Building for flexibility means giving up the environmental permanence of an office designed just for you. That means no drywall and as little custom-made and permanent fixtures as possible. People who work in common or shared areas need quiet for Zoom calls. So-called focus pods –– mini soundproofed rooms –– are in huge demand as a result. Half of new enterprise build-outs requested them, WeWork found in a February report about office trends.

Room, a company started in Brooklyn in 2017 that makes these modular pieces — phone booths, meeting rooms, even pre-made full office set-ups — now serves 7,000 different businesses, including both high-growth start-ups and Fortune 500 firms, the company said. The largest flexible space operators, including Industrious, Knotel, WeWork, Tishman Speyer, SaksWorks, Breather, TF Cornerstone, Life Time, Convene and Canopy, have purchased over $15 million from Room, the company said.

Room’s innovation: pretty much anything, anywhere can become an office. And you don’t need a director of furniture, fixtures and equipment to do the planning.

The company, which Indiana-based furniture manufacturer OFS acquired last year for an undisclosed amount, was in discussions to turn some blank space at Moynihan Train Hall into a makeshift lounge area for workers and events. This plan is currently on hold, but the idea has taken root elsewhere, including at a 5,000-square-foot TF Cornerstone property in Washington, D.C., where the whole space was created to be “construction-free,” giving landlords and employers the ability to bring in different tenants with different space needs.

“When you are accepting shorter-term commitments from customers, your model relies on reusing the space for different generations and everyone has a great experience,” Pinsley said. “The modularity is key, but you don’t want cookie-cutter spaces.”

Skipping the typical design process can cut costs by 50% or more, welcome savings.

“The world has changed,” as Negro put it. “Are you going to spend $200 a square foot [to build out] or $80 to $100?”

Coworking with coworking

The office space might be temporary, but the flexible terms and designs seem to be permanent, according to Pinsley.

When an office in a Tishman Speyer building becomes available, leaders try to figure out if turning it into a shared space is strategic. The last five years of operation have given the company the chance to understand flexible spaces as instrumental to the bottom line,

If a shared workspace or other amenity, such as a conference room, makes sense for the asset’s performance as a whole, the company might add it to the Studio portfolio.

“Flex went from being a solution to a problem in the building to being an important part of the value proposition,” he said.

At The Spiral, at Hudson Yards, the 23rd and 24th floors are now part of Studio.
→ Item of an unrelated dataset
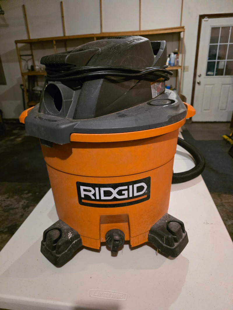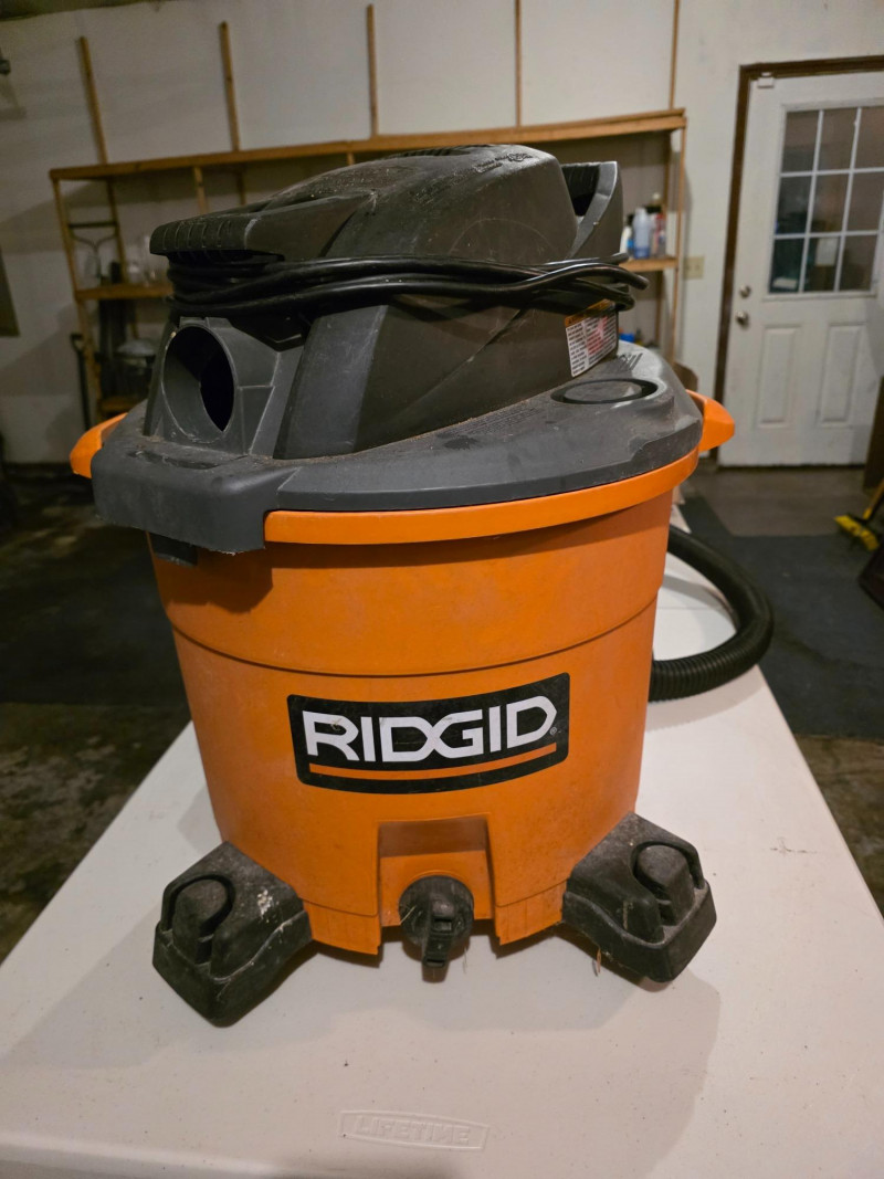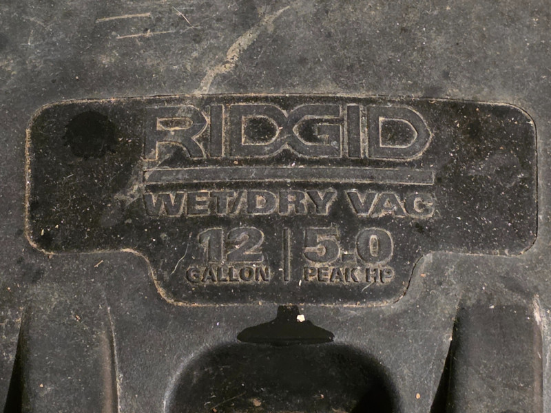 Ridgid 12-Gallon, 5.0 Peak HP Wet/Dry Shop Vacuum Ridgid Model #WD12780 Capacity & Power: 12-gallon drum, 5.0 Peak HP motor. Maneuverability: Compact design with 4 swivel casters and side carry handles. Storage: On-board storage for accessories and a power cord wrap. Hose: Features a Dual Flex hose that resists collapsing and locks onto the vac. Filtration: Uses the quick-lock filter system (VF4000 filter included) and accepts filter bags (VF3502). Blower Function: Can be converted to a blower by locking the hose into the blower port Includes hose, 3 extensions & crevice tool Tested - Works!

There are Room phone booths throughout.

Current long-term tenants who hire a temporary project team and need desk space for them are frequent customers of Tishman Speyer’s coworking offerings, which Pinsley said is a “full-stack office experience.”

The company has spaces for co-working at nine New York City buildings, including 175 Varick Street, The JACX in Long Island City and The Spiral. A small office for 1-5 people costs $900 per month at CitySpire on 156 West 56th Street and $3,500 for 2-6 people at Hudson Yards.

While Pinsley declined to share financial specifics beyond the listed prices, he said that Studio’s spaces are “financially performing alongside traditional lease economics.”